_Data for this task:_
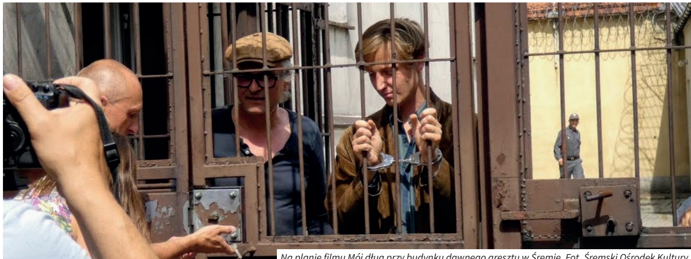
Na planie filmu Mój dług przy budynku dawnego aresztu w Śremie.

Podpoznańskie lasy, pałace czy muzea to nie tylko idealne miejsca spędzania wolnego czasu, ale też źródło inspiracji i atrakcyjne plenery dla filmowców. Spora odległość od Łodzi – stolicy polskiego filmu i warszawskich studiów filmowych nie przeszkodziła w powstaniu licznych filmów, za sprawą których okolice Poznania stały się istotnym miejscem na mapie rodzimej kinematografii.
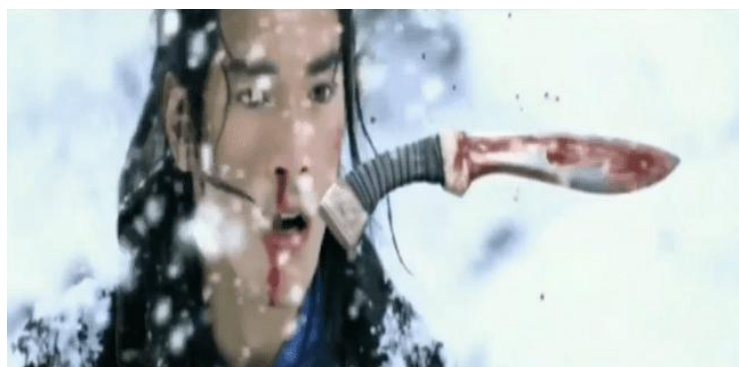
تصویر ۵: سکانس اوج؛ انسداد بین عناصر آب و فلز، خنجرهای پزان، ژانگ ییمو
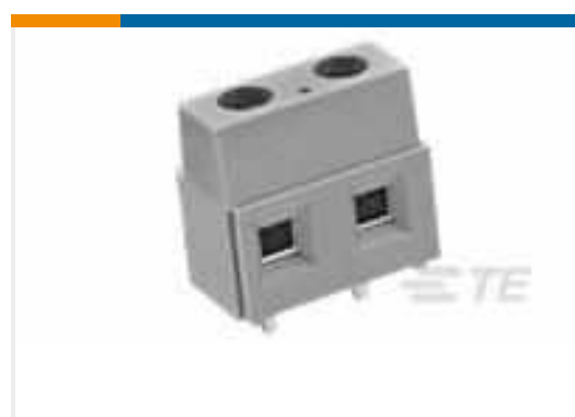
TE Teilnr.:796740-2 2 POS PCB MT 6.35MM HI CRT TBK
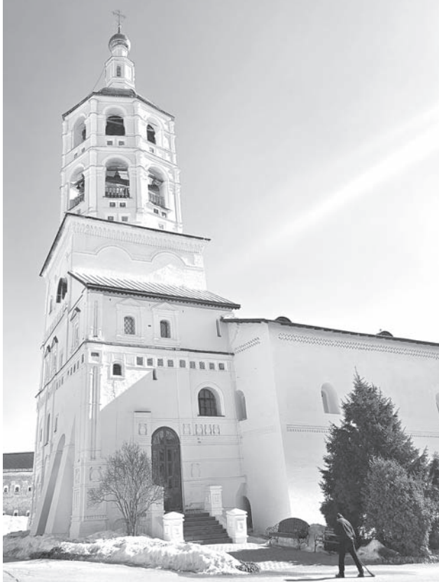
Верхние два яруса конструкции предназначены для звона, причём колокола размещаются в нижнем восьмигранном ярусе
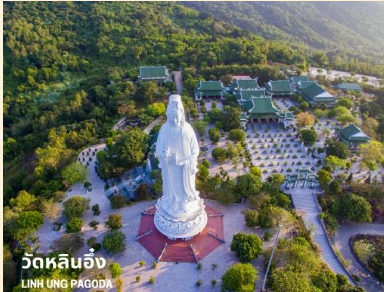
วัดหลินอึ้ง LINH UNG PAGODA

เดินทางสู่ วัดหลินอึ้ง (LINH UNG PAGODA) เป็นวัดที่ใหญ่ที่สุดของเมืองดานัง อยู่บนคาบสมุทร เซินจา ภายในวิหารใหญ่ของวัดเป็นสถานที่บูชาเจ้าแม่กวนอิมและเทพองค์ต่างๆ ไฮไลท์ของวัดนี้เป็นที่ประดิษฐานเจ้าแม่กวนอิมยืนองค์ใหญ่สีขาว ที่มีความสูงถึง 67 เมตรตั้งอยู่บนฐานดอกบัวกว้าง 35 เมตร ยื่นหน้าออกไปทางทะเลและหันหลังให้ภูเขา คอยปกป้องคุ้มครองวัดนี้เป็นสถานที่ศักดิ์สิทธิ์ที่ชาวบ้านนิยมมากราบไหว้ขอพรและยังเป็นอีกหนึ่งสถานที่ท่องเที่ยวจุดชมวิวที่สวยงามของเมืองดานังอีกด้วย

_The problem:_ Output the full material exactly as given, without its pictures.

_Solution to this problem:_
Na planie filmu Mój dług przy budynku dawnego aresztu w Śremie.

Podpoznańskie lasy, pałace czy muzea to nie tylko idealne miejsca spędzania wolnego czasu, ale też źródło inspiracji i atrakcyjne plenery dla filmowców. Spora odległość od Łodzi – stolicy polskiego filmu i warszawskich studiów filmowych nie przeszkodziła w powstaniu licznych filmów, za sprawą których okolice Poznania stały się istotnym miejscem na mapie rodzimej kinematografii.
تصویر ۵: سکانس اوج؛ انسداد بین عناصر آب و فلز، خنجرهای پزان، ژانگ ییمو
TE Teilnr.:796740-2 2 POS PCB MT 6.35MM HI CRT TBK
Верхние два яруса конструкции предназначены для звона, причём колокола размещаются в нижнем восьмигранном ярусе
วัดหลินอึ้ง LINH UNG PAGODA

เดินทางสู่ วัดหลินอึ้ง (LINH UNG PAGODA) เป็นวัดที่ใหญ่ที่สุดของเมืองดานัง อยู่บนคาบสมุทร เซินจา ภายในวิหารใหญ่ของวัดเป็นสถานที่บูชาเจ้าแม่กวนอิมและเทพองค์ต่างๆ ไฮไลท์ของวัดนี้เป็นที่ประดิษฐานเจ้าแม่กวนอิมยืนองค์ใหญ่สีขาว ที่มีความสูงถึง 67 เมตรตั้งอยู่บนฐานดอกบัวกว้าง 35 เมตร ยื่นหน้าออกไปทางทะเลและหันหลังให้ภูเขา คอยปกป้องคุ้มครองวัดนี้เป็นสถานที่ศักดิ์สิทธิ์ที่ชาวบ้านนิยมมากราบไหว้ขอพรและยังเป็นอีกหนึ่งสถานที่ท่องเที่ยวจุดชมวิวที่สวยงามของเมืองดานังอีกด้วย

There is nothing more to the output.